MPEG Stream Structure
In its most general form, an MPEG system stream is made up of two layers:
The system layer contains timing and other information needed to demultiplex the audio and video streams and to synchronize audio and video during playback.
The compression layer includes the audio and video streams.
General Decoding Process
Figure 2-1 shows a generalized decoding system for the audio and video streams.
The system decoder extracts the timing information from the MPEG system stream and sends it to the other system components. (The Synchronization section has more information about the use of timing information for audio and video synchronization.) The system decoder also demultiplexes the video and audio streams from the system stream; then sends each to the appropriate decoder.
The video decoder decompresses the video stream as specified in Part 2 of the MPEG standard. (See Inter-Picture Coding section and Intra-picture (Transform) Coding section for more information about video compression.)

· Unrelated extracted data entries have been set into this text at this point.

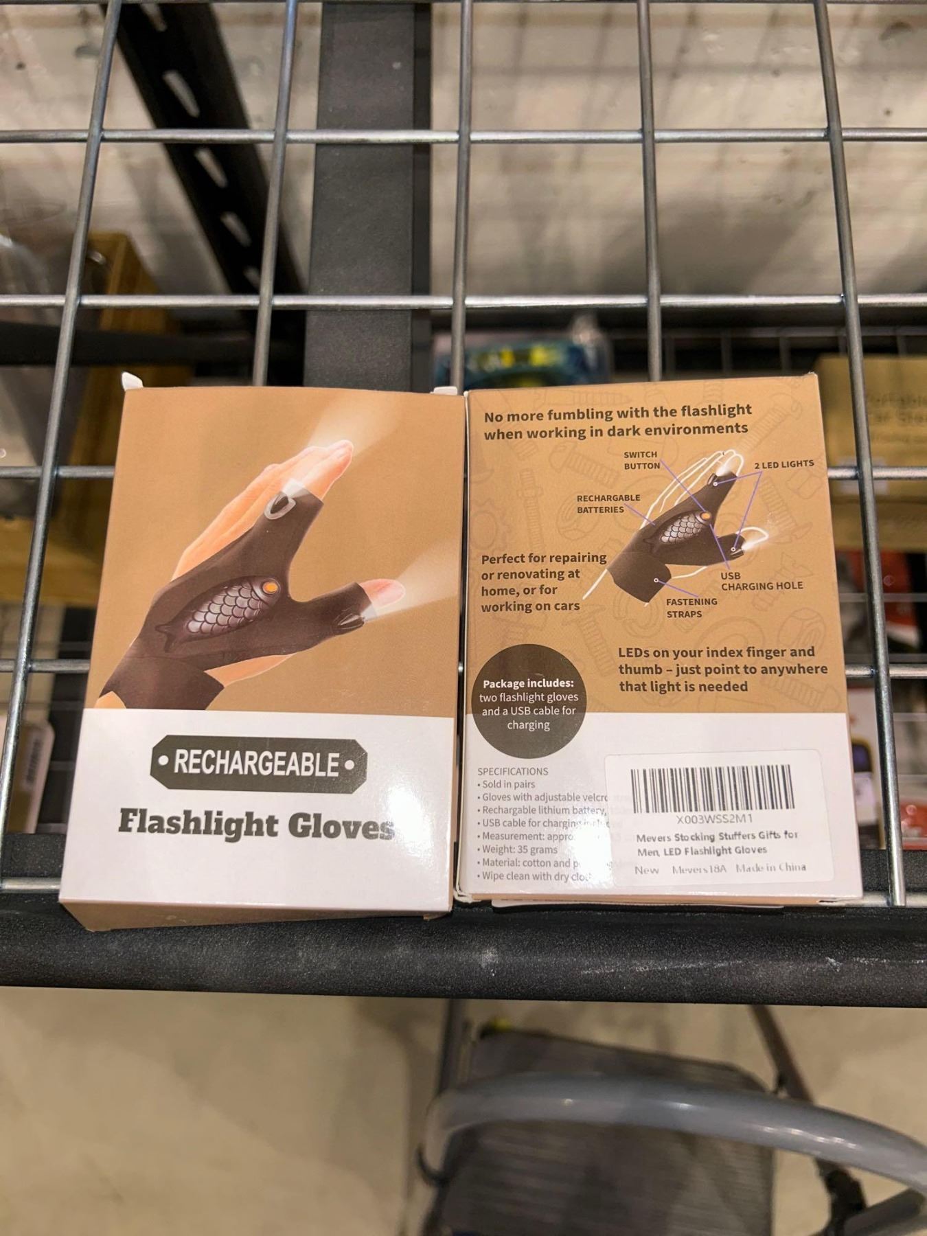 Rechargable flashlight gloves, lot of 2 pairs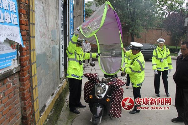 安康新聞網(wǎng)訊(通訊員 胡智洵)為凈化道路交通環(huán)境,消除各類交通安全隱患,響應(yīng)市交警支隊關(guān)于加強整治摩托車、電動車、三輪車非法加裝遮陽傘文件精神要求。5月……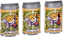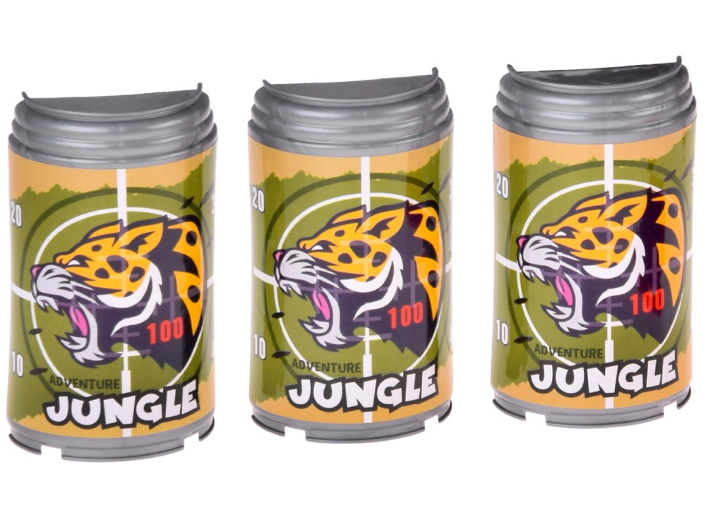 Tre leggere “lattine” con stampa ADVENTURE JUNGLE e zone di punteggio trasformano l’allenamento di mira in un gioco divertente per uno o più giocatori.
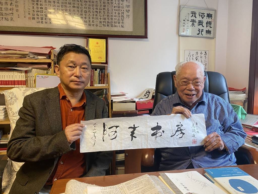 而今,“阿来书房”发布一周年。尽管书房在建,但雅集先行。此次在杜甫草堂的活动,正是阿来以书房之名,与读者的首次相约。值得一提的是,向往到“阿来书房”作客的,除了阿来的读者,还有他在文艺界的名家朋友,107岁百岁巨匠马识途正是其中一位。听闻“阿来书房”的诞生,马老激动不已。今年3月,马老专门提笔,展纸挥毫,为“阿来书房”题字。他告诉阿来:“我早就给你写好了,一直盼着你来拿,我也想去看看你那个书房。”阿来当即发出邀请:“那书房开业,马老你一定去坐坐,我们喝喝茶,聊聊天。”而这幅墨宝,在本次活动上正式揭幕,马老的书法端庄郑重,正与阿来所期望的书房要“雅正”相得益彰。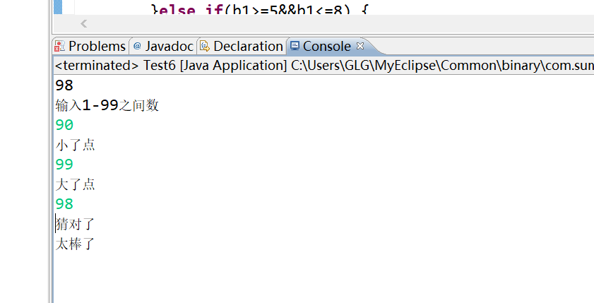 package home; import java.util.Random; import java.util.Scanner; public class Test6 { /** * @param args */ public static void main(String[] args) { // TODO Auto-generated method stub Random r=new Random(); int a=r.nextInt(100); System.out.println(a); Scanner input=new Scanner(System.in); System.out.println("输入1-99之间数"); int b1 = 0; while (true) { int b=input.nextInt(); b1++; if(b==a){ System.out.println("猜对了"); break; }else if(b>a) { System.out.println("大了点"); continue; }else if (b<a) { System.out.println("小了点"); continue; } } if (b1>=1&&b1<=3) { System.out.println("太棒了"); } else if(b1>=5&&b1<=8) { System.out.println("一般般"); }else if(b1>=5&&b1<=8) { System.out.println("太笨了"); } } }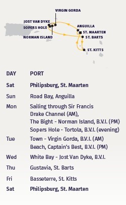 From the colorful streets of St. Maarten to the pristine beaches of Anguilla, Virgin Gorda, Jost Van Dyke, St. Barts, and St. Kitts, each day reveals a new island treasure. Glide through the scenic Sir Francis Drake Channel, drop anchor at iconic ports, and discover hidden coves only accessible by small sailing vessels.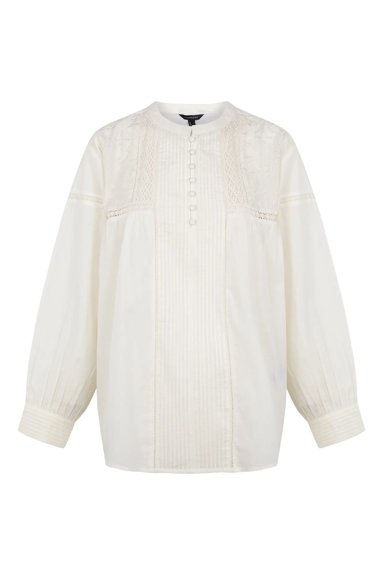 – Detalle de bordados, encaje y tablas en el delanteros.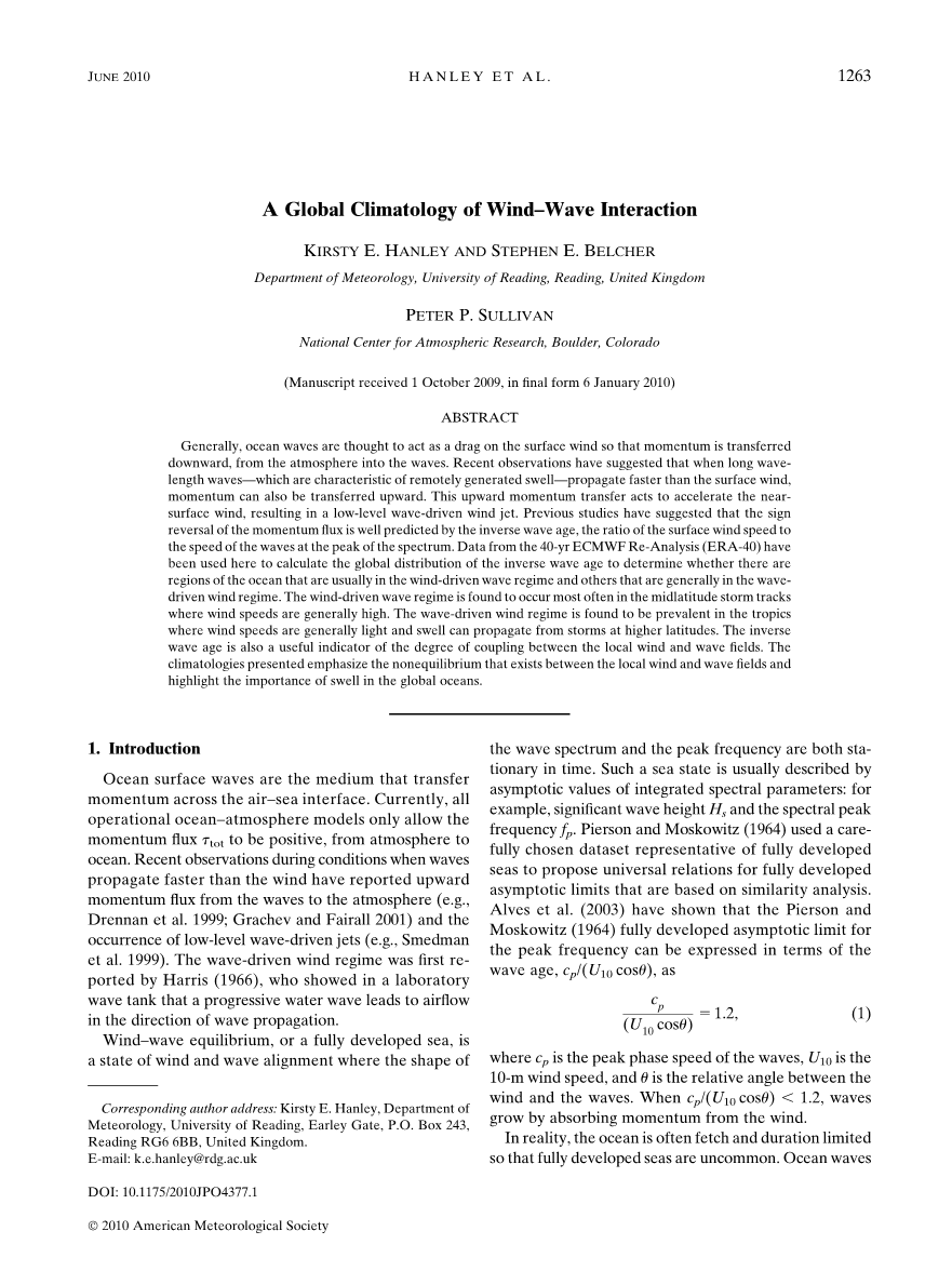 本文的目的是利用欧洲40年中期天气预报中心(ECMWF)的再分析(ERA-40)波数据集,开发一种新的基于风浪相互作用的气候学,即逆波龄诊断气候学。波浪资料的可得性使建立波浪过程和基于风浪相互作用的全球气候学成为可能,而风-波相互作用又解释了风浪和风暴潮。McWilliams和Restrepo(1999)利用风数据将波浪参数化,构建了全球波浪气候学。这种方法假定风浪平衡,因此忽略了远处产生的涌浪。当使用波浪数据时,可以考虑全谱。这里讨论的第一个问题是,局部波场与局部风场耦合到什么程度?在第3节中,ERA-40数据用于研究风暴通过南大洋的影响,计算10 m风速和波相速度峰值的气候。这些气候表明,在许多地区,当地的波浪状态与当地的风力条件无关,并突出了全球海洋中涌浪的重要性。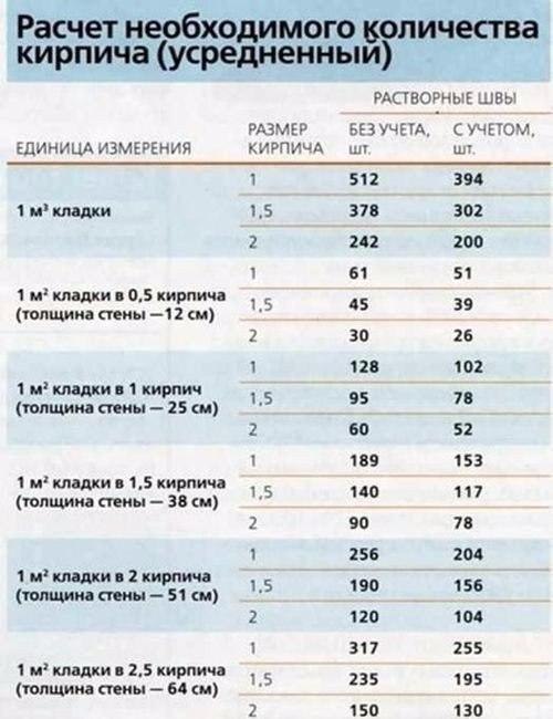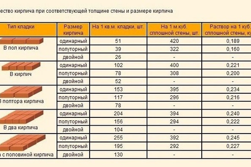 Параметры кирпича могут варьироваться, поэтому чтобы точно знать, какое количество материала необходимо на один «квадрат», надо будет прикинуть точные размеры.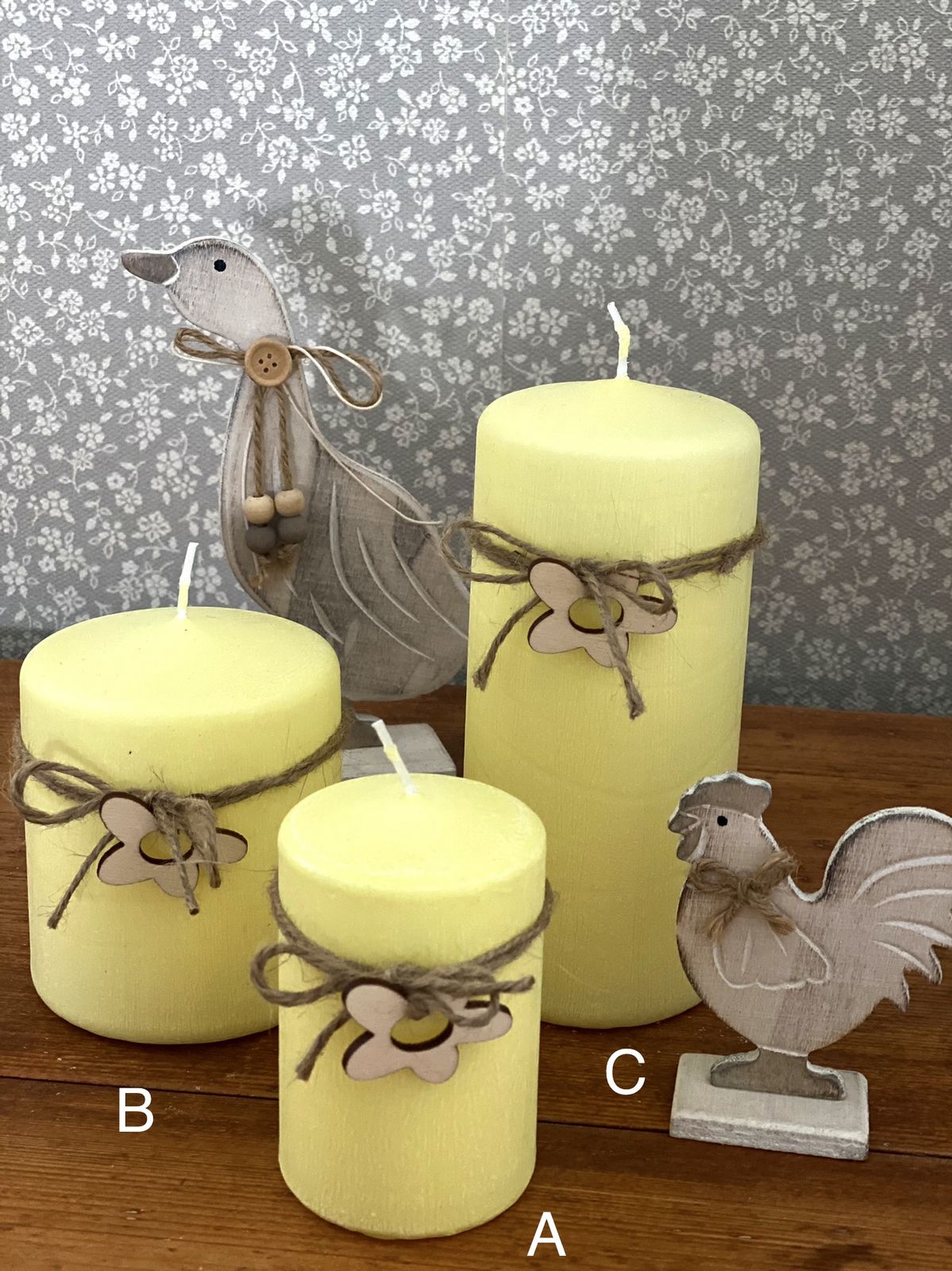 Svíčka je ozdobena dřevěnou kytičkou na provázku.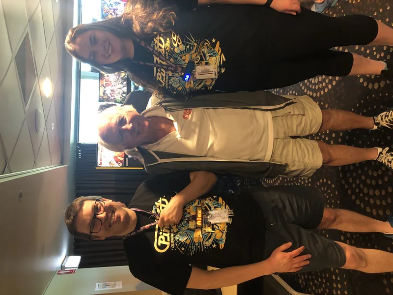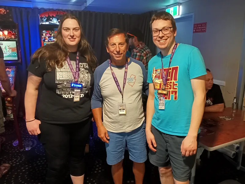 Another important part of pinball history is the people. The people who designed, programmed, and assembled the machines. Pinball companies are manufacturing companies at their core, with huge teams of people putting pinball cabinets together. It would be impossible to meet them all. However, I have been lucky enough to meet several key industry figures at pinball events and conventions. Below are photos of Fiona and myself with Gary Stern (founder of Stern Pinball) and Jack Jack Guarnieri (founder of Jersey Jack Pinball).

The audio decoder decompresses the audio stream as specified in Part 3 of the MPEG standard.
Figure 2-1 General MPEG Decoding System
Video Stream Data Hierarchy
The MPEG standard defines a hierarchy of data structures in the video stream as shown schematically in Figure 2-2
Figure 2-2 MPEG Data Hierarchy
Begins with a sequence header (may contain additional sequence headers), includes one or more groups of pictures, and ends with an end-of-sequence code.
Group of Pictures (GOP)
A header and a series of one or more pictures intended to allow random access into the sequence.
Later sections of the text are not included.